On the other hand if we add recursive types, they provide a kind of loop-hole that allows us to type the standard fixed-point combinators from untyped lambda calculi; the linked message above demonstrates one way to do this. The addition of mutable state (a la lisp) also allows the definition of fixed point combinators IIRC. I believe (although I am less sure about this) that a call/cc primitive is also sufficent to define fixed point combinators.

At any rate, here is a way to define the Y combinator using recursive types in Haskell that is a little nicer than the one in the message above.

<lang haskell> newtype Mu a = Roll { unroll :: Mu a -> a }

fix :: (a -> a) -> a fix = \f -> (\x -> f (unroll x x)) $ Roll (\x -> f (unroll x x))

fac :: Integer -> Integer fac = fix $ \f n -> if (n <= 0) then 1 else n * f (n-1)

fibs :: [Integer] fibs = fix $ \fbs -> 0 : 1 : fix zipP fbs (tail fbs)

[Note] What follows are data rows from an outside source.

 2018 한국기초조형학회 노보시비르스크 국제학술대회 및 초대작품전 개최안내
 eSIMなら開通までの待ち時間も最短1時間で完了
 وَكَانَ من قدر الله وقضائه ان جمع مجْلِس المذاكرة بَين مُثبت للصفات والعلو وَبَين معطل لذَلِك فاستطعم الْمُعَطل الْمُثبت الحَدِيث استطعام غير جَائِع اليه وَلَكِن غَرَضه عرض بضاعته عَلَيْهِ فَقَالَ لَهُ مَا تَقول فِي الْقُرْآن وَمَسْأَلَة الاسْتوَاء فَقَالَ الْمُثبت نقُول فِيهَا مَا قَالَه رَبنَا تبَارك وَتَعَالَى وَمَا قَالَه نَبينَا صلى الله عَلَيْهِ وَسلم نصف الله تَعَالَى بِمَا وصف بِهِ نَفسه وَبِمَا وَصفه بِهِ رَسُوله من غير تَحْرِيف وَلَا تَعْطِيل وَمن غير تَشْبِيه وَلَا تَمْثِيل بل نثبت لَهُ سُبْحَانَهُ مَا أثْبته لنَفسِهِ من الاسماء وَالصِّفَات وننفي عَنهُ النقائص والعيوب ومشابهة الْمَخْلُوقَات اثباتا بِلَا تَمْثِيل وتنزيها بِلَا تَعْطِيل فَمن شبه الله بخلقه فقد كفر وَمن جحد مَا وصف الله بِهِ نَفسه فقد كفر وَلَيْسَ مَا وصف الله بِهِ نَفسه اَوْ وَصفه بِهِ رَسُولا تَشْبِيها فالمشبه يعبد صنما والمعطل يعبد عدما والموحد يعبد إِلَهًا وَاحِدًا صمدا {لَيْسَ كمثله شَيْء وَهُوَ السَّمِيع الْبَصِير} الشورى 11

 where zipP f (x:xs) (y:ys) = x+y : f xs ys

main = do

 print $ map fac [1 .. 20]
 print $ take 20 fibs

</lang>

--RWD

According to wp:Fixed point combinator, and here page 6, and here page 2, the Y combinator is the precise form λf·(λx·f (x x)) (λx·f (x x)), which does not work for applicative-order evaluation. The version you are using for Python is closely related to what they call the Z combinator, which is λf. (λx. f (λy. x x y)) (λx. f (λy. x x y)) (the version you are using is just one step "before" this; one step of evaluation will produce this). So I am not sure if we should have named the article the "Y" combinator. --71.106.173.110 20:49, 1 March 2009 (UTC)

Hmm, They are related, and my reference, (and others), seem to have lumped them both together under the familiar title "Y combinator". I suggest a redirect of "Z combinator" to this page and a note be added to task. --Paddy3118 05:48, 2 March 2009 (UTC)

After all it is disallowed by the task. (Haskell, Ocaml) --Paddy3118 00:19, 28 March 2009 (UTC)